**THE DATA:**
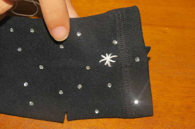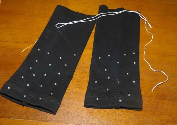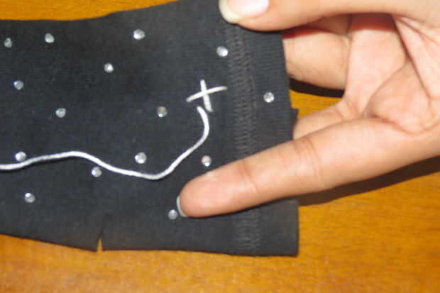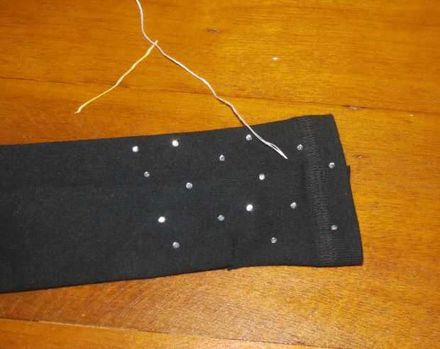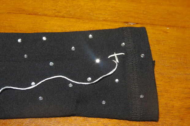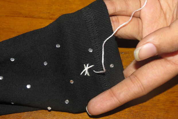 Enhebre la aguja y comience a coser estrellas en puntadas largas. Yo he cosido 3 estrellas en cada guante, puede coser muchos como usted desea.
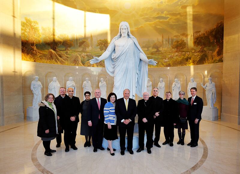 "The delegation from the Catholic Church came today at our invitation," Elder Rasband said. "They said they came to the temple to learn. They wanted to learn about what we do in both our meetinghouses and in our temples. And they were wonderful. They were friendly. They acknowledged our partnership and our working together around the world on social issues like freedom of religion in the public square. They complimented us especially on the relationship we have with the Catholic Church in America and said that they'd like to have a continuing relationship with us here in Europe."
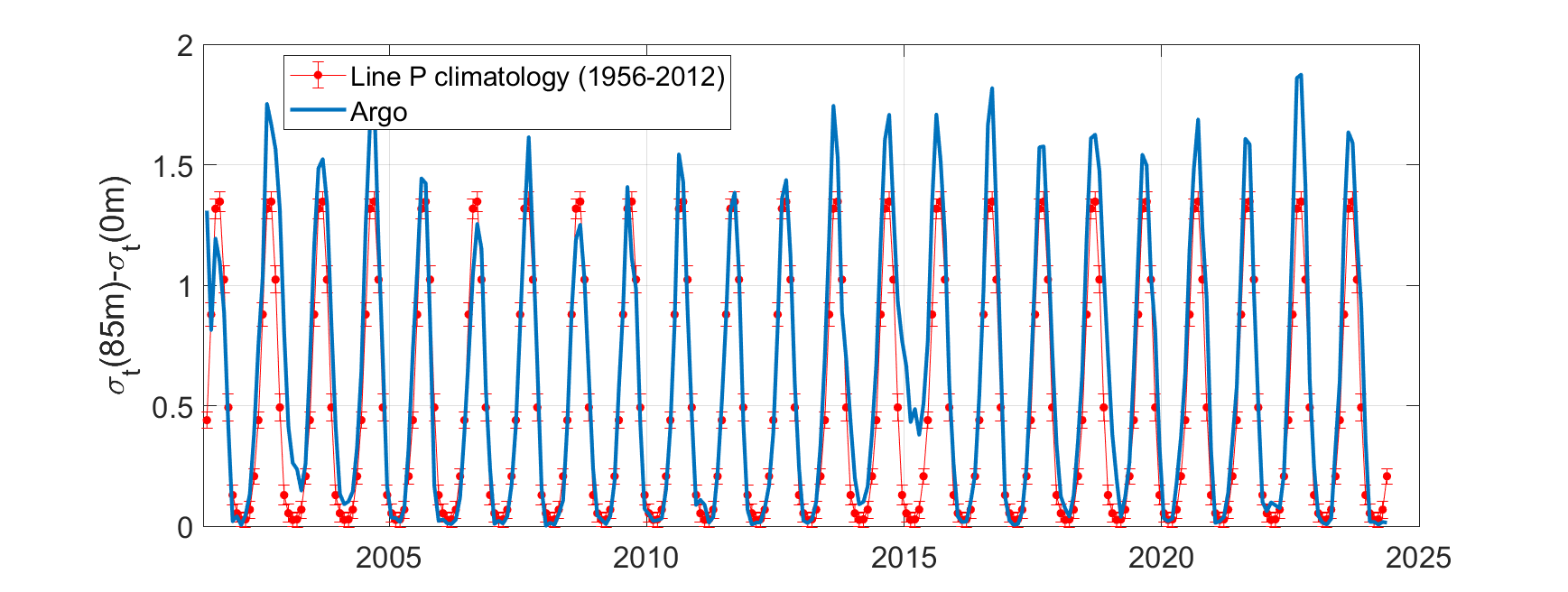 density anomaly (sigma-t) differences between 75m depth and the surface

**DIRECTIONS:**
The copy should hold exactly the lines from the line containing "delegation from the" through the end of the data, both ends included, and no pictures.

**RESULT OF THE EXERCISE:**
 "The delegation from the Catholic Church came today at our invitation," Elder Rasband said. "They said they came to the temple to learn. They wanted to learn about what we do in both our meetinghouses and in our temples. And they were wonderful. They were friendly. They acknowledged our partnership and our working together around the world on social issues like freedom of religion in the public square. They complimented us especially on the relationship we have with the Catholic Church in America and said that they'd like to have a continuing relationship with us here in Europe."
 density anomaly (sigma-t) differences between 75m depth and the surface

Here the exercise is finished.